If you observe a pulse, launched from a supersonic event, at various distances from its formation then is it not true that the pulse will spread out in time / distance? Can there be an answer to the OP question? I know that many people claim that the sonic boom they hear is actually a shock wave (don't ask for references) but PF has discussed this several times and my memory tells me that the wave acquires sonic speed very near the plane's path.

Any images of suitable graphs available?

But also shock waves propagate with the speed of sound. What's moving with faster-than-sound speed is the source, which leads to the formation of the Mach cone.

 

[sophiecentaur]

But also shock waves propagate with the speed of sound. What's moving with faster-than-sound speed is the source, which leads to the formation of the Mach cone.

OK. So you connect a microphone to an oscilloscope. You display the sound of a sonic boom going past. Later, you record the microphone output using a loudspeaker source. Would you expect a different scope trace? Could you call what the loudspeaker produced a shock wave?

If you use a pair of microphones then the spacing of the two pulses will give an idea of a 'speed'. The wave front of the sound approaching the ground is tilted and the pulse spacing gives a supersonic 'virtual' speed? But that happens for all waves when you look from off the propagation axis. You can even measure an 'instant' / infinite speed when a stationary source is directly overhead the mid point of the microphones.

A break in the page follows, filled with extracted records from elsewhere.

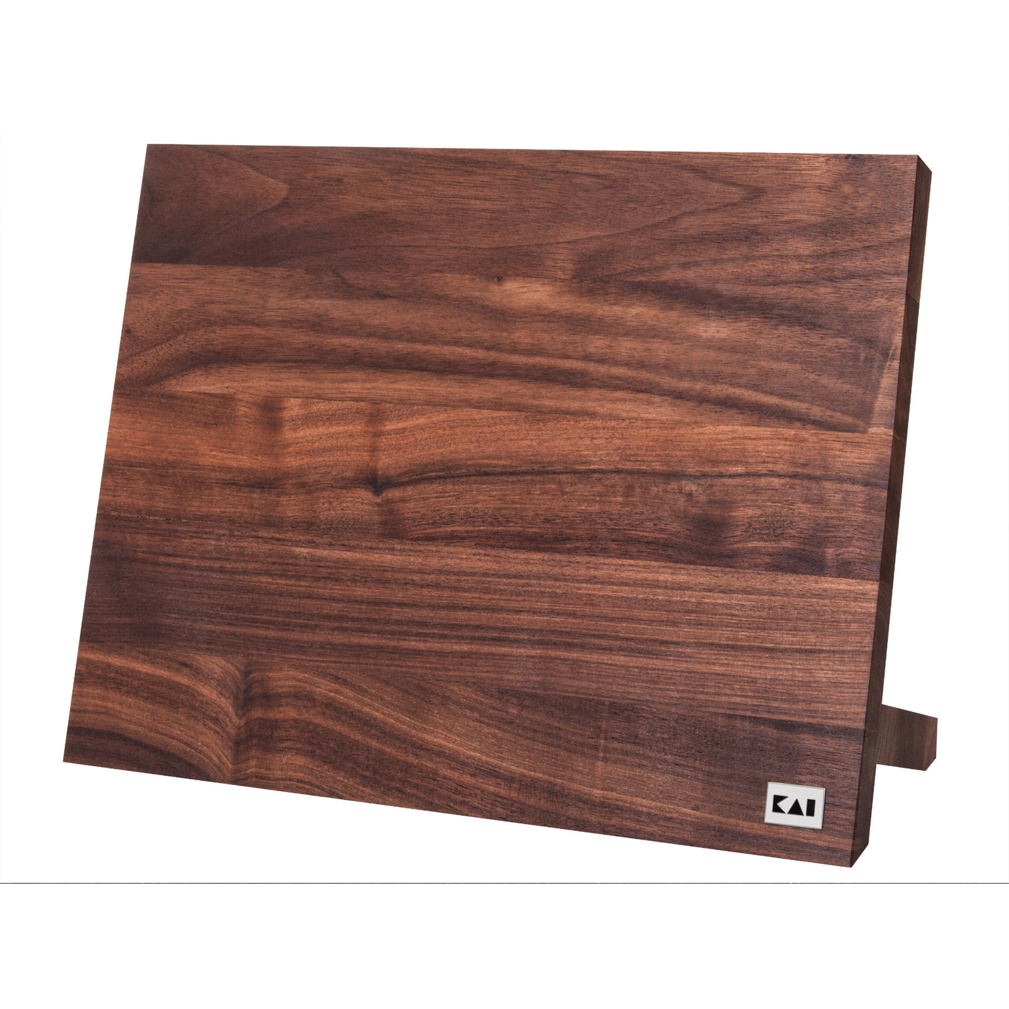 L'élégante planche en noyer peut accueillir 6 à 8 couteaux grâce à son système magnétique pratique.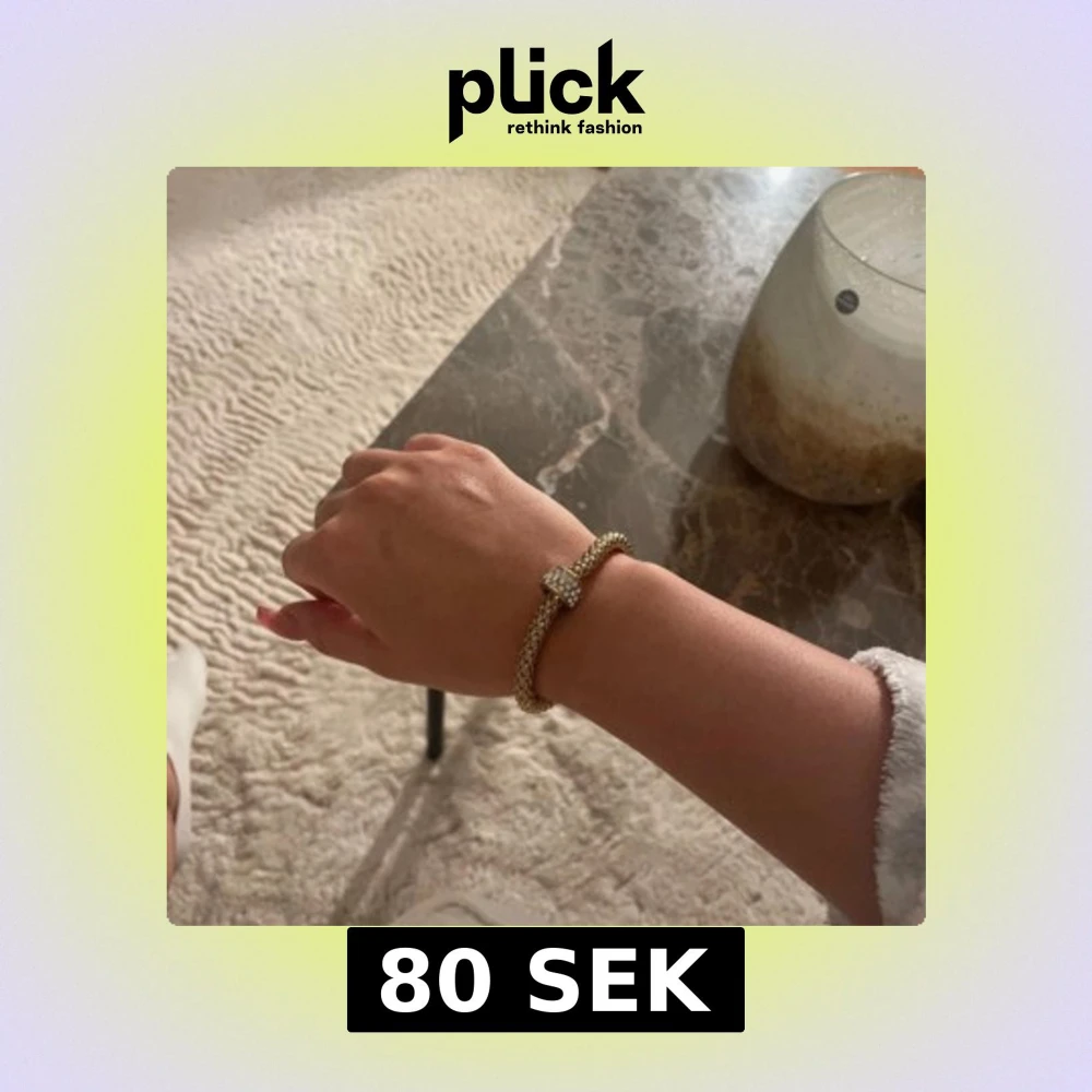 Snyggt armband i guldton med flätad design och en glittrig, stencovered detalj i mitten. Armbandet har en rund form och känns både trendigt och stilrent. Perfekt accessoar för att lyfta din outfit med lite extra bling.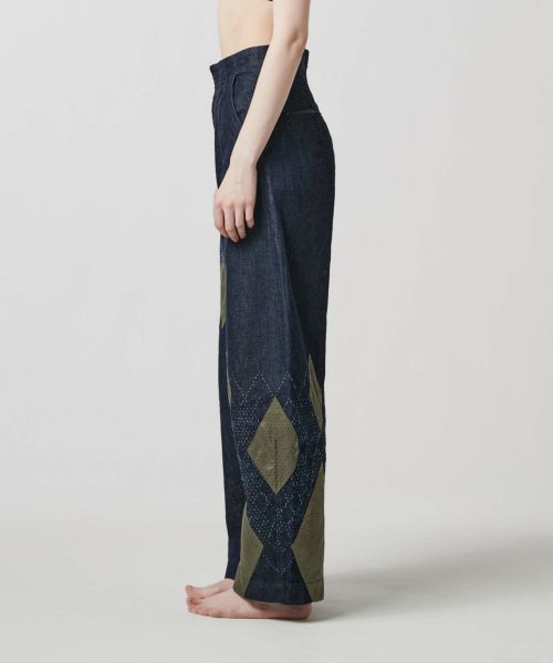 【デザイン】デニムとナイロンをコンビネーションで合わせたカーブシルエットのパンツ。 レーザーによるパンチング加工でアーガイル柄を表現しており、縫製後に洗いをかけることによって、パンチング部分に花が咲き、より立体的な表情が生まれています。 ナイロンをドッキングすることで、華やかな光沢感がある新しいデニムパンツです。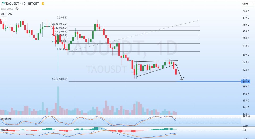 TAO, an altcoin in the author's portfolio, shows a bearish trend with a significant price drop. Support levels could stabilize or lead to further declines, influenced by Bitcoin's performance.

The pulse speed is the rate of actual energy transfer, normal to the wave front.

 

[Squizzie]

From the context of my OPs , where I referred to the Slo Mo Guys' C4 experiment and the Beirut explosion, I was clearly using the "term shock" wave to refer to what I now recognise is more appropriately described in the technical literature as a"blast wave" with a "shock front".

The subject of the shock wave generated by an object like a jet plane or a bullet travelling at a supersonic speed is a fascinating subject, but, as pointed out by @Drakkith at #39, it is a quite different physical phenomenon from that generated by an explosion.

Could I respectfully request @vanhees71 , @sophiecentaur , that we confine responses on this thread to the discussion of the blast wave/ shock front from an explosion and perhaps submit your thoughts about the shock wave from a plane or bullet on a separate thread. Unfortunately a brief search of PF indicates that earlier threads on the subject are mostly closed, so maybe you should start a new thread.

As I indicated in #71, I think there is a way to go on this one.

 

[sophiecentaur]

Could I respectfully request @vanhees71 , @sophiecentaur , that we confine responses on this thread to the discussion of the blast wave/ shock front from an explosion

Fair enough. I still have to ask when one should say the sound of an explosion is just a sound and not a shock front?
Near an explosion, is there a point where the ejecta is travelling at supersonic speed? Is this just a play on words and definitions. A detonation will carry with it, material that is more dense than the air it flies through so is it valid to talk in terms of gas laws and air temperature to set what we call the speed of sound.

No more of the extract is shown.